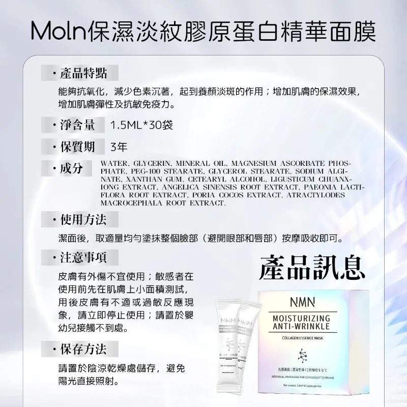 ⏰28/12 Moln NMN 保濕淡紋膠原蛋白精華面膜 (團購約4月初到港)
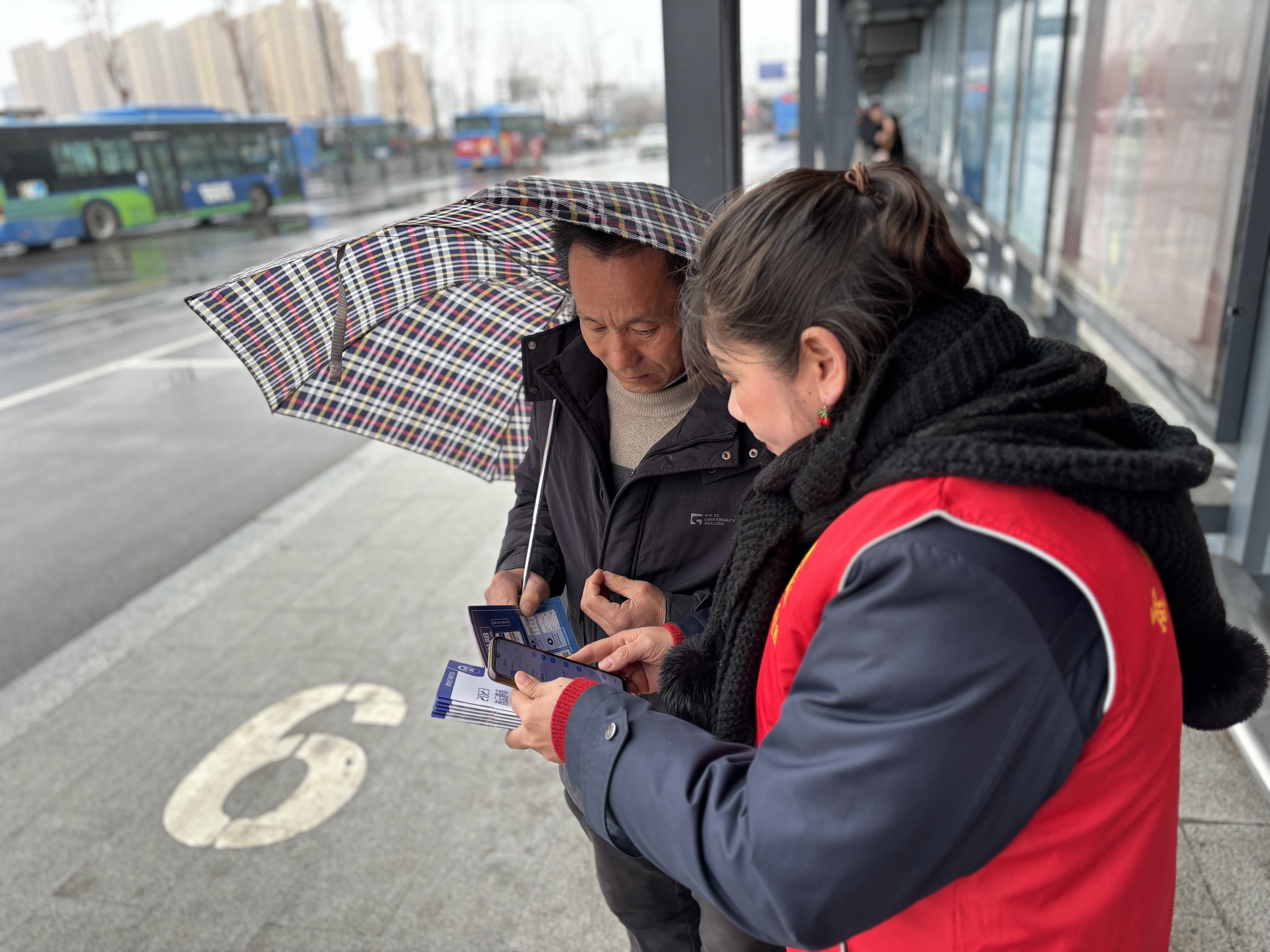 志愿服务人员在客流密集站点开展志愿服务活动,做好现场管理,引导乘客有序乘车,并帮助提拿重物,搀扶老人上车,找寻座位,确保安全落座。现场解答乘客对路程中转问题的问询,为市民规划最为方便快捷的出行路线。同时,指导乘客扫码乘车,详细讲解操作步骤,尽己所能为市民提供帮助,不断增强市民出行的便捷度和舒适度。
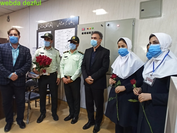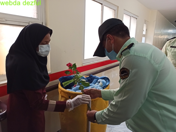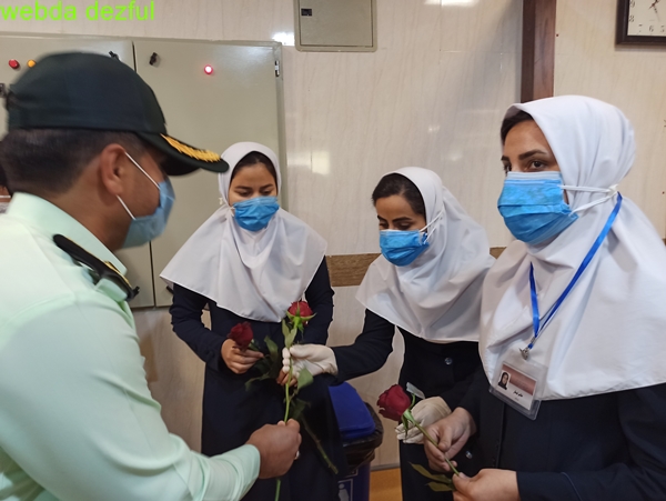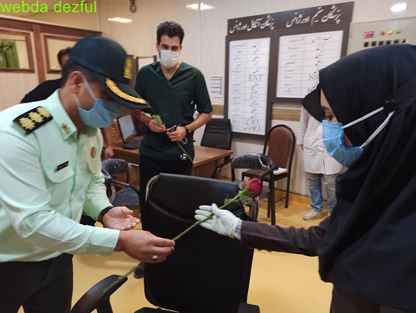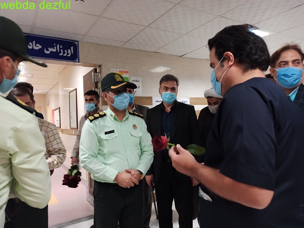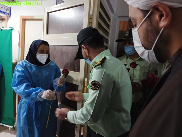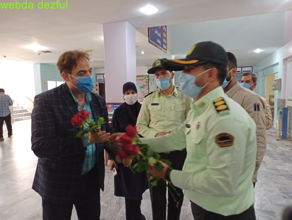 به گزارش خبرنگار وبدا، فریدون جعفریان فر گفت: مقارن ظهر امروز جناب سرهنگ روح الله گراوندی و هیات همراه در بیمارستان بزرگ دزفول حضور یافت و با اهدای شاخه گل به کارکنان  بیمارستان از زحمات مدافعان سلامت تقدیر کرد. سرهنگ گراوندی خدمات مدافعان سلامت را بویژه در شرایط کرونا برجسته دانست و هدف از حضور خود را گرامیداشت یاد شهدای مدافع سلامت و ارج نهادن به کادر درمان دانست. دکتر علی قمیشی رئیس دانشگاه علوم پزشکی دزفول نیز متقابلا از حضور فرمانده نیروی انتظامی و هیات همراه تقدیر و تشکر کرد.در این برنامه دکتر احمدرضا سلمان پور رئیس بیمارستان، دکتر روان پور معاون درمان بیمارستان و زینب آیت مترون بیمارستان بخشی از خدمات کادر درمان را تشرح کردند.
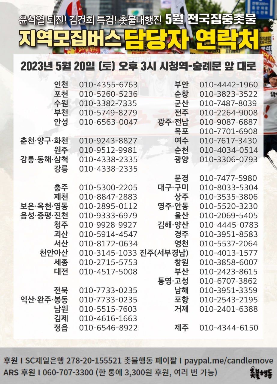 지역모집버스 담당자 연락처도 있으니 해당 지역에서 5월 전국집중촛불에 참석하시고 싶은 분들의 많은 관심 부탁드립니다.
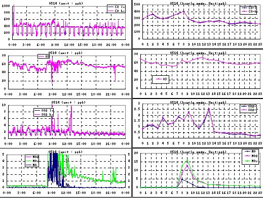 ●オゾンは汚染大気中にあるから光化学反応の影響で日中増加する傾向にある。
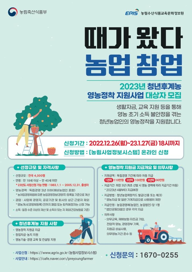 만 18세 이상부터 만 40세 미만의 영농경력이 없거나 독립경영 3년 이하면 신청할 수 있으며, 농림사업정보시스템(www.agrix.go.kr)을 통해 접수하면 된다.
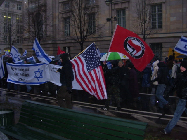 Κάποιοι απ’ αυτούς όμως, αυτοαποκαλούνται και αναρχικοί, αντιεξουσιαστές, αριστεροί και ανήκουν στο ευρύτερο ανταγωνιστικό κίνημα. Αυτοί χωρίζονται σε δύο κατηγορίες: σε αυτούς που ευθέως παίρνουν το μέρος του κράτους του Ισραήλ και του δικαιώματος του στην αυτοάμυνα· και σε αυτούς που μιλούν για οργάνωση των δύο λαών εναντία στον κοινό εχθρό, τα κράτη, και ασκούν κριτική στις οργανώσεις της παλαιστινιακής αντίστασης ως φονταμενταλιστικές, εξουσιαστικές και αντισημιτικές.
· · ·
> [YOUR OBJECTIVE]:
Transcribe exactly, with no pictures, the lines running from the first line of the material through the line holding "志愿服务人员在客流密集站点开".

> [TASK RESPONSE]:
 ⏰28/12 Moln NMN 保濕淡紋膠原蛋白精華面膜 (團購約4月初到港)
 志愿服务人员在客流密集站点开展志愿服务活动,做好现场管理,引导乘客有序乘车,并帮助提拿重物,搀扶老人上车,找寻座位,确保安全落座。现场解答乘客对路程中转问题的问询,为市民规划最为方便快捷的出行路线。同时,指导乘客扫码乘车,详细讲解操作步骤,尽己所能为市民提供帮助,不断增强市民出行的便捷度和舒适度。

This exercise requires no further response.